● Collected data
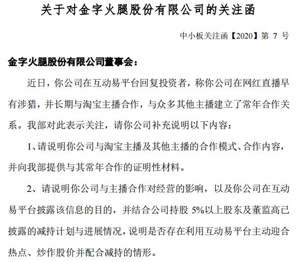 但是恰逢网红概念股大涨,金字火腿的表态引起了市场的质疑。1月3日晚间,深交所围绕上述回复向金字火腿下发关注函,要求金字火腿说明与淘宝主播及其他主播的合作模式、合作内容,并提供与主播常年合作的证明性材料。
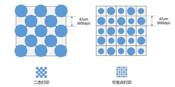 數(shù)碼打印按墨滴量也分為兩類:雙態(tài)打印和可變點打印。京瓷噴頭屬于后者,在較高的點火頻率(30~40kHz)下,可實現(xiàn)4~5階可變點打印。在相同打印濃度下,可變點的打印效果更加均勻,尤其是在打印純色塊、細膩漸變以及細節(jié)豐富的圖案時,可變點的優(yōu)勢尤為明顯。
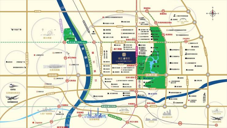 森兰国际作为浦东“十四五”规划重点发展的区域,板块位于黄浦江沿江发展带上,是连接浦东新区和上海国际机场的重要节点,同时也被定位为“浦东北部的金拇指”。与外高桥保税区、张江科学城、金桥产业园等功能区联动发展,成为了科技创新和产业发展的重要基地。

● Instructions for the task
Please output the listing above in full, exactly as given, without its images.

● Written response
 但是恰逢网红概念股大涨,金字火腿的表态引起了市场的质疑。1月3日晚间,深交所围绕上述回复向金字火腿下发关注函,要求金字火腿说明与淘宝主播及其他主播的合作模式、合作内容,并提供与主播常年合作的证明性材料。
 數(shù)碼打印按墨滴量也分為兩類:雙態(tài)打印和可變點打印。京瓷噴頭屬于后者,在較高的點火頻率(30~40kHz)下,可實現(xiàn)4~5階可變點打印。在相同打印濃度下,可變點的打印效果更加均勻,尤其是在打印純色塊、細膩漸變以及細節(jié)豐富的圖案時,可變點的優(yōu)勢尤為明顯。
 森兰国际作为浦东“十四五”规划重点发展的区域,板块位于黄浦江沿江发展带上,是连接浦东新区和上海国际机场的重要节点,同时也被定位为“浦东北部的金拇指”。与外高桥保税区、张江科学城、金桥产业园等功能区联动发展,成为了科技创新和产业发展的重要基地。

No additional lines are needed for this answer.